Recent data points like these that give a window into Australia’s startup ecosystem suggest that it may finally be reaching “Flywheel” escape velocity. Unfortunately, the story isn’t over yet and there are many challenges ahead.
Despite the successes of the last few years, the Australian venture capital market is relatively nascent, with only a few moderately large funds (i.e. with $200 million or more in AUM) presently active. In the last decade, the Australian venture capital market has seen only two years (2016 and 2018) that exceeded $1 billion in annual capital raised, a figure dwarfed by the sums raised for many single funds in the US. With a few notable exceptions, superannuation funds on the whole have been slow to move into the sector. And places like Silicon Valley and New York continue to beckon for Australia’s best and brightest to emigrate. Nevertheless, as someone who deployed capital as a VC in both of Australia’s prior attempts at creating a self-sustaining flywheel, this time feels different.

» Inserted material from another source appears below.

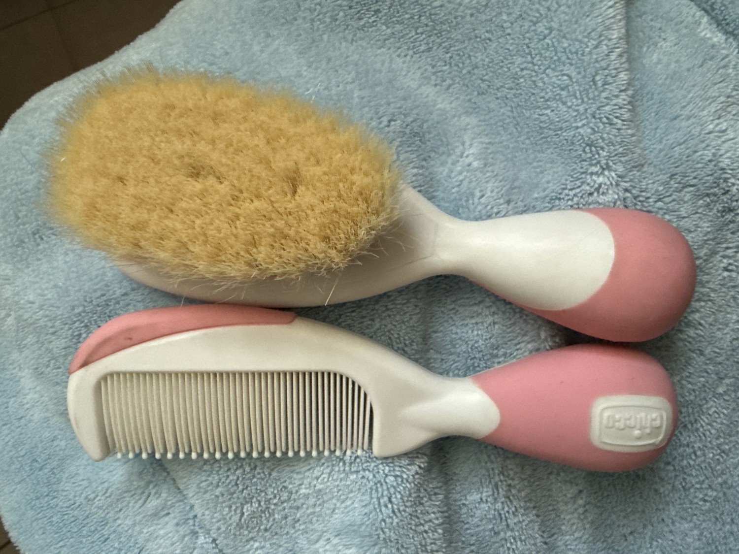 Ho comprato questo set pettine e spazzolina, ancora prima che il mio bimbo nascesse, ovviamente azzurri, adoro che ci siano rosa e azzurro, ma secondo me potrebbero farli anche di altri colori, io per esempio amo l'arancione, all'inizio usavo la spazzolina, poi ho usato pettine perché ha da sempre avuto un sacco di capelli.

Perhaps the third time will be the charm and the lucky country will once again earn its moniker.
Disclaimer: The opinions and analysis put forward in this article are those of Zebediah Rice personally and are not the views of King River Capital or its respective affiliates.
 There are various other factors (such as well-designed government regulations, service businesses with an expertise in tech and startups, a culture of risk-taking, supportive domestic stock exchanges, and formalized mentor networks for example) but none are as difficult to establish as these three and all of them arise naturally if you have the core three working properly.